Charlie Gard’s Parents Were Not the First British Parents Who Fought the System
In 2014 the parents of five-year-old British boy Ashya King removed him from a British hospital against doctors’ advice in order to seek proton beam therapy to treat his brain cancer in Prague. At the time, proton beam therapy was not available in the UK.
The parents were arrested in Spain, and were accused of neglect. They later had the charges dropped and were allowed by a British court to take their son to the Czech Republic to receive the treatment. Ashya King is now cancer free and back at school. Three proton beam therapy centers, funded by Proton Partners International, are now under construction in the UK and will accept both private healthcare and NHS patients.
In a case from 2002, a couple from Malta traveled to the UK for medical consultations for their conjoined twin daughters. Known to the British public as Mary and Jodie, the twins were joined at the pelvis with a fused spine. Doctors knew that both babies could not survive.
Doctors agreed that the twins had to be separated in order to give the stronger twin any chance of survival, but the parents were devout Catholics and did not want to end Mary’s life, even though it would save Jodie’s. The high court and court of appeal ruled that the twins should be separated in order to save the life of at least one twin. The surgery was completed and one twin survived.
Could a Charlie Gard-Type Case Happen in America?
According to this CNN article, similar cases in the U.S. tend to be resolved in favor of parental rights. For example, the parents of a 13-year old-girl who was declared legally brain dead in California were permitted to take her body to a Catholic hospital in New Jersey, which had agreed to accept her. While her family claim she is still alive, doctors and courts in California had agreed she was legally dead due to total brain death.

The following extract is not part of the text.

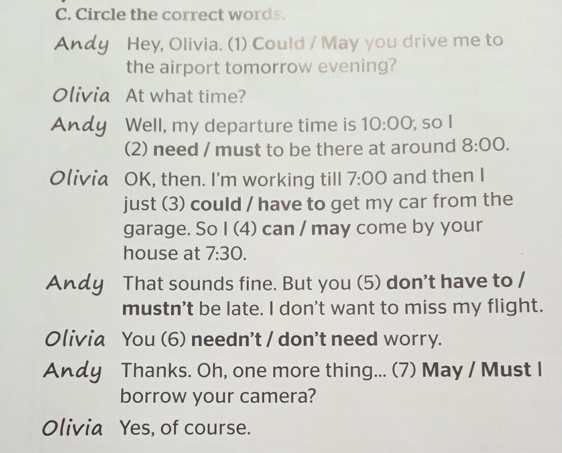 1could 2 must 3have to 4may 5mustn't 6 needn't 7must вроде так если не ошибаюсь

The more common situation in the US is actually where the courts order treatment because of religious beliefs, such as when parents don’t want their child to get a blood transfusion. In contrast, English law, explained one British legal scholar, does not see parents as having the “right” to make decisions on behalf of their children. “Parenthood doesn’t give them rights; parenthood gives them responsibilities. Although US courts are also following the same best-interest standard as the UK, in practice the “courts are deferring to parents,” according to one ethicist.
However, parental rights in the U.S. are not unlimited. In Prince v. Massachusetts (1944), a case involving child labor, the United States Supreme Court held that the government “has broad authority to regulate the actions and treatment of children” and that “parental authority is not absolute and can be permissibly restricted if doing so is in the interests of a child’s welfare.”
What do you think? Even if experimental treatment for Charlie Gard is absolutely futile, should the parents still be permitted to remove him from his British hospital and transfer him elsewhere for treatment? Or were the British courts correct in ruling that Charlie’s life support should be withdrawn?